Петров выдвинул стол на середину комнаты и поставил три стула. Сам сел в середине, а по бокам посадил меня и Ольгу Андреевну. Поплевав на ладони, он пригладил волосы и, как палкой, постучал по столу пальцами, потом уткнулся в лежащий перед ним лист бумаги и резким хриплым голосом выкрикнул:
— Анисья Яичкина!
Ему никто не ответил.
— Анисья, ты чего молчишь? — грубо спросил председатель. — Встань и говори: «Здесь». И все, кого буду вычитывать, бойко вставать и говорить «здесь».
Анисья Яичкина встала и сказала: «Здесь».
Петров пристально, с ног до головы, оглядел ее и, видимо, остался недоволен.
— Что же это ты на собранье, в чистой избе, перед товарищами из района в вонючей шубе развалилась? Поди на кухню и сними.
Анисья покорно встала и пошла на кухню снимать шубу, а Петров уткнулся в бумагу и выкрикнул:
— Степан Волконос.
Лохматый до бровей Волконос вскочил и гаркнул:
— Здесь, Андрей Петрович!
— Молодец, — похвалил его Петров и пояснил: — Наш передовик. Вы не глядите, что он так старо выглядит, это он от темноты и малограмотности не бреется. А так он мужик еще хоть куда. Степан, сколько у тебя трудодней?
Степан вскочил и гаркнул:
— Не могу знать, Андрей Петрович!
Председатель с притворным изумлением вскинул брови:
— Как же это ты не знаешь, сколько у тебя трудодней? — и сокрушенно покачал головой. — Вот она, наша русская темнота и малограмотность, — и обратился к супруге: — Подай-ка мне ведомость!
Хозяйка сходила на кухню, принесла лиловую папку с черными шнурками. Петров развязал шнурки и, прикрываясь от нас локтями, уткнулся носом и долго что-то выискивал в папке, а потом поднял вверх палец и торжественно произнес: «Сто пятьдесят два трудодня и двадцать пять соток».
Ольга Андреевна мне хитро подмигнула. Я понял, что это — липа. Никаких ведомостей и учета у него не ведется.
Петров продолжал перекличку.
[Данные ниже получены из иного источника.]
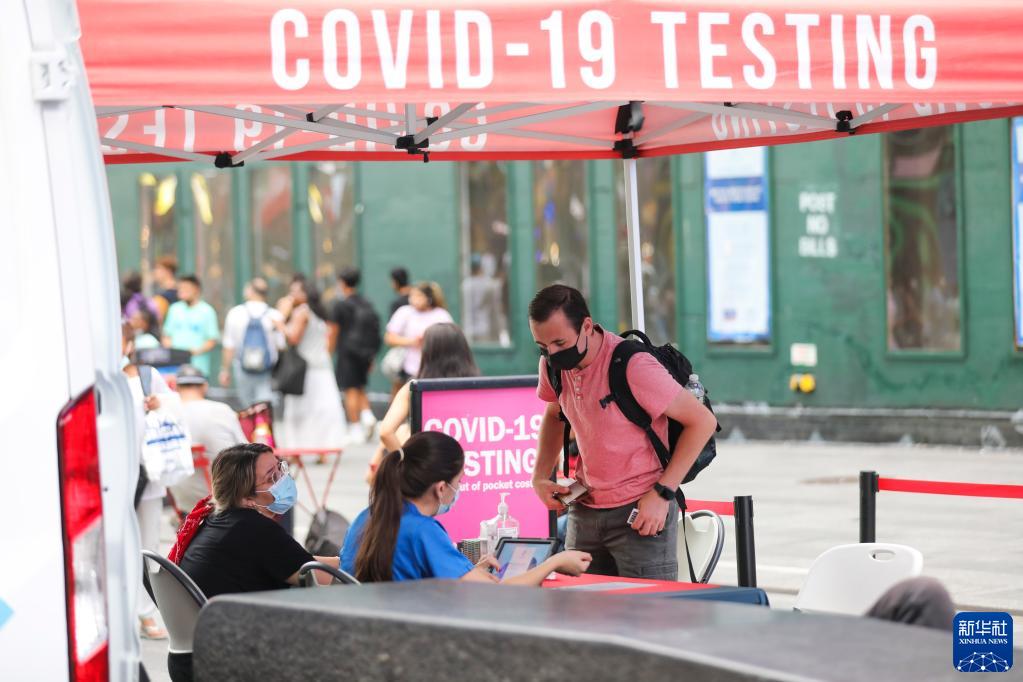 8月31日,一名男子在美国纽约时报广场的流动新冠检测点登记检测。

Когда все по очереди были опрошены и расхвалены, он спрятал лист в папку, завязал на шнурки и передал ее супруге. Потом встал, кашлянул в кулак и прохрипел:
— Всем слушать внимательно и не спать. Слово предоставляю товарищу из райкома Чекулаевой.
Ольга Андреевна — натура страстная и вспыльчивая. Она всей душой ненавидит подлость с несправедливостью, встречая их на каждом шагу, идет по жизни с высоко поднятой головой и презрительной усмешкой на губах. Она смотрит на все это, как на временное и неизбежное зло, как смотрят при строительстве дома на грязь и мусор. Она верит, что когда построят это чудесное здание — коммунизм, явятся дворники в белоснежных халатах и всю грязь и нечисть, подлость, зависть, тщеславие, ханжество, карьеризм — все они выметут, выбросят на свалку, сожгут или глубоко закопают в землю. Она давно уже вся в будущем и верит ему и поклоняется. Испытывая жалость к людям, она одновременно и презирает людей, за их неверие и равнодушие.
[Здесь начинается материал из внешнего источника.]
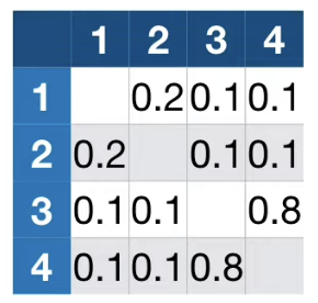 4번 데이터는 1번 데이터와 0.1 , 2번 데이터와 0.1, 3번 데이터와 0.8의 관계가 있다.

В районе ее считают чудаковатой энтузиасткой, живущей миром простодушных, детских представлений. Она резко, прямо в глаза режет правду-матку, невзирая ни на чины, ни на должности. И это ей с улыбкой прощают, за что другой бы дорого поплатился. Не думаю, что это скидка на ее наивность и женское существо. Скорее всего, Чекулаева для работников района — их утраченная совесть. То, что у карьеристов на дне души чуть-чуть шевелится, то у Ольги Андреевны бурлит и плещет через край. И это в какой-то степени мирит ее с нами.
В течение часа Ольга Андреевна говорила о трудностях послевоенного времени, о мужестве народа, преодолевающего эти трудности, красиво рисовала жизнь при коммунизме.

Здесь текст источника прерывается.